Curry mixes are packaged in plenty of ways. Curry powder comes in single-use packets, spice jars, tubs, canisters, and cartons. Curry pastes, on the other hand, are usually found in glass jars. And, curry mixes come in cartons, packets, jars, and canisters.

Enjoying Curry Mix

Curry is a stand-alone meal traditionally served with plain white rice, usually pilaf or basmati rice, or naan. Naan is an unleavened, pillowy bread that you dip onto the curry. Also, you can pair curries with some side dishes like potatoes, simple salads, samosas, and chutney. On another note, curry mixes, especially curry powder, can be used in many ways. Nowadays, curry powders are used as an all-purpose seasoning to flavor sauces, stews, marinades, vegetables, meats, hamburgers, even scrambled eggs and potato salad. Its vibrancy and complexity also works perfectly on deviled eggs! Plus, curried popcorn also has gained its popularity in the state.

Storage:

The storage and shelf life of curry mixes vary depending on its type. Curry powders should be kept in a sealed and air-tight container. Then, it should be stored in a cool and dry area far from humid and hot zones like stoves, grills, and ovens to prolong their shelf life. Following these, curry powder can maintain its potency for 3-4 years. Likewise, unopened curry paste also lasts this long. However, upon opening, be sure to transfer it to the refrigerator, where it could last up to a month, optimally potent within the first 2 weeks. On another note, ready-to-eat curry mixes can last from 3-6 months.

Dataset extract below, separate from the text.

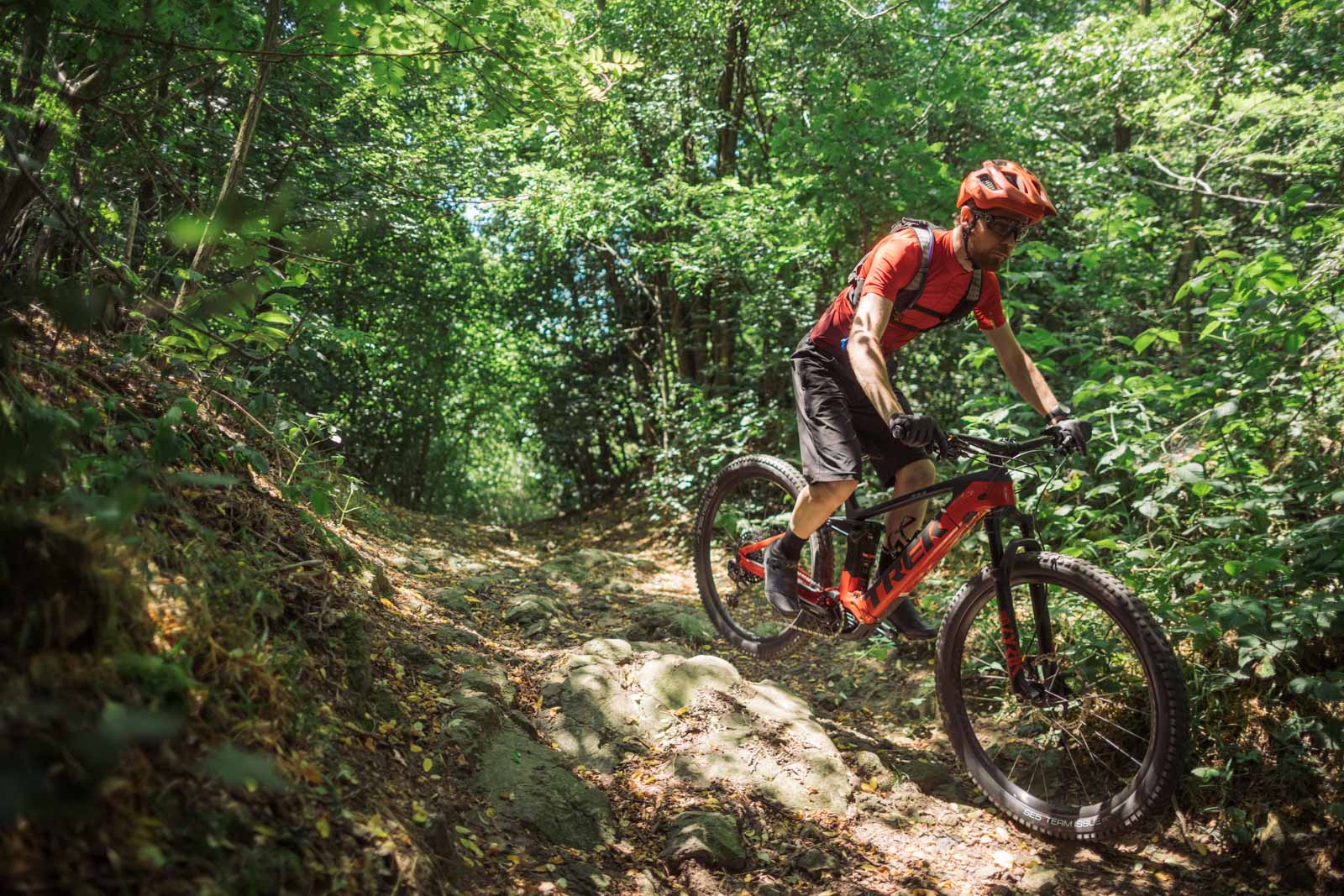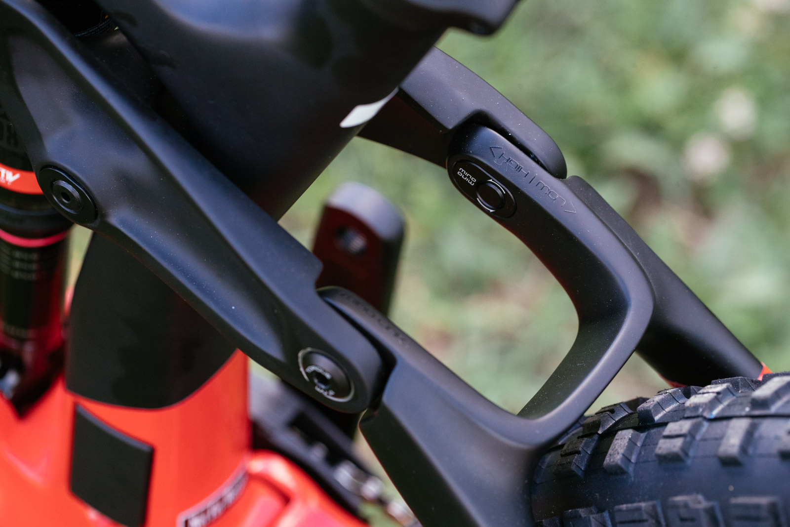 Notre monture d’essai est un Rail 9.8. C’est le deuxième modèle en carbone, équipé d’une commande Purion, d’une transmission Sram GX Eagle et d’une fourche RockShox Lyrik Select+. Pour cette sortie, nous laisserons le Mino-Link en position Low.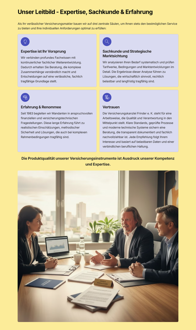 Ich vertrete Ihre Versicherungsinteressen mit der Haltung eines Sachwalters, der persönliche Verantwortung übernimmt, Ihre Lebens- & Sachrisiken mit Kompetenz ordnet und Ihre persönlichen Entscheidungen aufgrund einer solide geprüften Grundlage ermöglicht.

Make your own Curry Powder:

While Indian curry powders typically call for roasted spices, this simple recipe can give you that first step. It only takes less than five minutes to gather your ingredients, measure, and finally blend. It also works perfectly on chicken, pork, and beef. Furthermore, you’ll only need a tablespoon per pound of meat.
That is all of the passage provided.